At work "maize ttransformation: from plant mmaterial to the release of genetically modified and edictated varieties (Corn transformation: from plant material to the release of genetically modified and edited varieties)” researchers review the genetic transformation of corn. From the first generation of transgenics to the CRISPR-Cas gene editing technique, the article provides a mapping of technical advances for the creation of agricultural varieties.

The GCCRC publication - an initiative by Embrapa and Unicamp, with support from the São Paulo State Research Support Foundation (Fapesp) - brings data of great interest to professionals in the biotechnology field, the scientific community and students.

In addition to describing advances in protocols, technologies and applications for corn transformation, in the review, researchers address current processes for developing new cultivars. They also map the characteristics of greatest interest sought by scientists, including the pipelines (a map of the process steps) that exist to produce genetically modified or edited plants, until they reach the market.

For the authors of the article, researchers and companies have currently faced a new challenge in relation to GMOs: the development of plants that tolerate adverse conditions resulting from the climate crisis, such as drought and high temperatures, for example, alongside efficiency in use of nutrients and productivity.

The manifestation of these characteristics in a substantial way, unlike the resistance to insects and more common herbicides, depends on the interaction between different genes and these with the environment. Such complexity has led companies and research institutions to invest in new gene discovery processes and large-scale evaluation programs. This is what researchers Juliana Yassitepe (Embrapa Informática Agropecuária/GCCRC), Viviane Heinzen (GCCRC/Center for Molecular Biology and Genetic Engineering[CBMEG]-Unicamp), José Hernandes-Lopes, Ricardo Dante, Isabel Gerhardt and Fernanda Rausch (Embrapa) point out. Agricultural Informatics/ GCCRC/CBMEG), Priscila Alves, Leticia Vieira, Vanessa Bonatti (GCCRC/CBMEG) and Paulo Arruda, coordinator of GCCRC and professor at CBMEG and the Institute of Biology at Unicamp.

Gene editing

The CRISPR-Cas system, which makes it possible to edit DNA more precisely, is the great promise of plant biotechnology, especially for developing countries like Brazil. The technique, released in 2012, won the 2020 Nobel Prize in Chemistry for researchers Emmanuelle Charpentier, from the Max Planck Institute, and Jennifer Doudna, from the University of Berkeley. It has been rapidly improved in recent years, stimulating research to obtain genetically edited agricultural cultivars.

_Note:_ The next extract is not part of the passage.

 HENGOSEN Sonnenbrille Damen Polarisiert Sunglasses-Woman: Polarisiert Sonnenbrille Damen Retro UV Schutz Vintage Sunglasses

The technique consists of editing the DNA sequence, that is, inserting, deleting or replacing nucleotides (the letters that make up the sequence) to produce a desirable characteristic, such as drought resistance. In addition to being a cheaper and more accessible technique, it favors the simplification of the regulatory process, considering that there would be no DNA from other species inserted into the genome of these varieties. “Each country follows its own legislation. Unlike the European Union, for example, Brazil has taken a more open position in relation to genome editing”, says José Hernandes, researcher at the GCCRC and one of the authors of the article. For him, the biggest challenge for regulating technology lies in the so-called mutations off-target, unforeseen changes that may arise from genomic editing; however, such changes are very rare in plants.

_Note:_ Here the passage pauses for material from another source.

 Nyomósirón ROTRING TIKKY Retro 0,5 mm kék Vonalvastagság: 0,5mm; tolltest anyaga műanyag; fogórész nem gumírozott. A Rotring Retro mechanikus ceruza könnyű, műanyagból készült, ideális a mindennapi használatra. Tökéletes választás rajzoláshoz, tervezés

Although a gene discovery structure is still necessary to enable the development of an edited plant, trends point to increased access to technology. In some countries, there are already edited products commercially available, or in an advanced approval process (such as varieties of corn, soybeans, camellia and citrus), with improved nutrients and resistance to diseases. “Genome editing could contribute to increasing the number of laboratories capable of developing and commercializing new varieties. By simulating genetic changes that appear spontaneously in natural processes, some countries already consider some plants to be transgenic-free”, adds Viviane Heinzen, co-author of the publication.

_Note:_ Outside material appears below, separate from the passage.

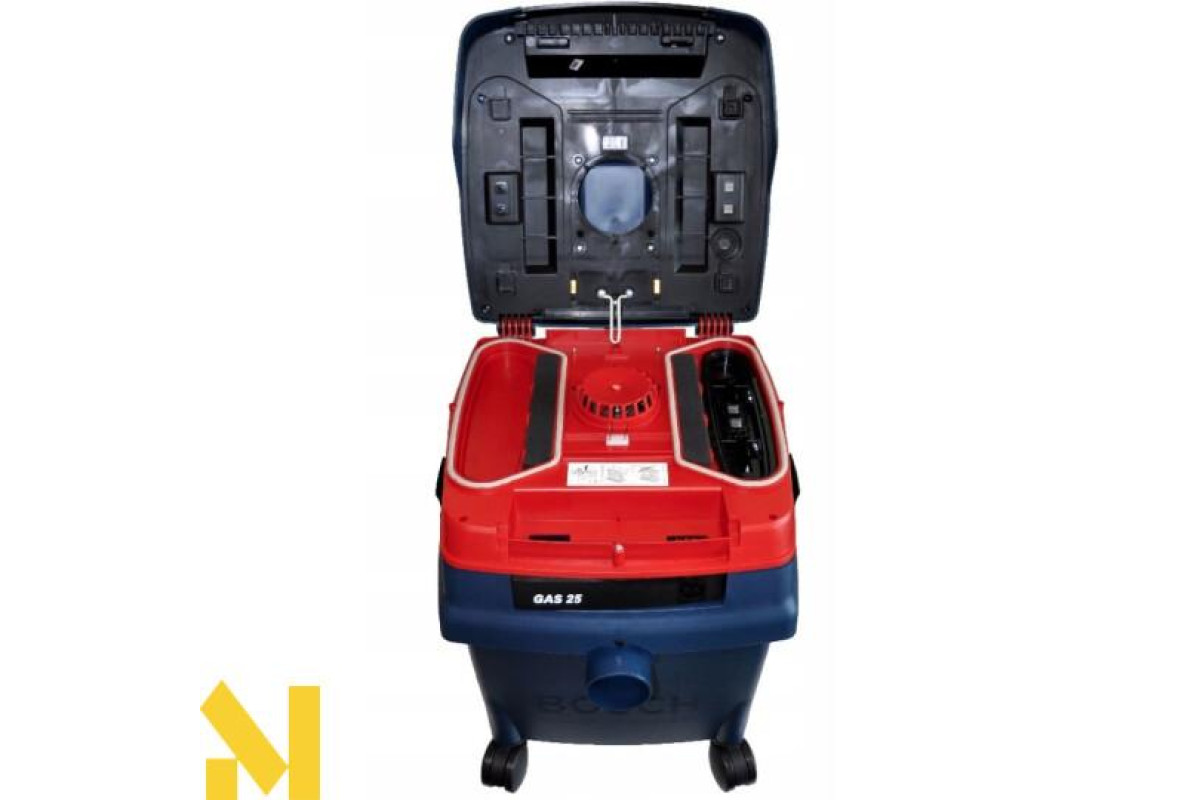 Високоефективний пилосос Bosch GAS 25 L SFC призначений для сухого та вологого прибирання на підприємствах, в майстернях. Пилосос потужністю 1200 Вт розрахований на інтенсивну експлуатацію на промислових площах. Складчастий фільтр площею 4300 см2 класу M з електромагнітної системою очищення Plus-clean. Максимальна пропускна здатність 220 м3/год. Максимальне розрідження 248 ГПa. Функція продувки. Розетка з автоматичним дистанційним включенням. Контейнер 25 л.

GMOs represent 30% of the world's corn area

GMO plants have been part of agriculture for decades. Most have basically two advantages: resistance to herbicides and insects. Corn cultivation relies on widely used transgenic commercial varieties. This is the case of BT corn, which, upon receiving genes from the bacteria Bacillus thuringiensis, produces a protein capable of killing caterpillars that affect crops. These cultivars prevail on the market due to the relative ease of evaluating their characteristics during the development process. “These are qualitative characteristics; the effect of a gene is easier to measure, indicating whether the plant is resistant or not”, explains Juliana Yassitepe.

In recent years, advances in plant biotechnology have enabled the development of genetically modified corn varieties that have significantly impacted agricultural management and improved grain yields. The new GMOs incorporate characteristics such as herbicide, resistance to insects and diseases, tolerance to abiotic stress, high yield and better nutritional quality.

Adopted in 29 countries, GMO varieties cover 190 million hectares and, in the case of corn, represent around 30% of the cultivated areas on the planet. It is also the agricultural crop with the most GMO events approved by regulatory bodies: 148 in 35 different countries, the majority combining insect resistance and herbicide tolerance, according to a 2019 ISAAA (International Service for the Acquisition of Agrobiotechnology Applications) report.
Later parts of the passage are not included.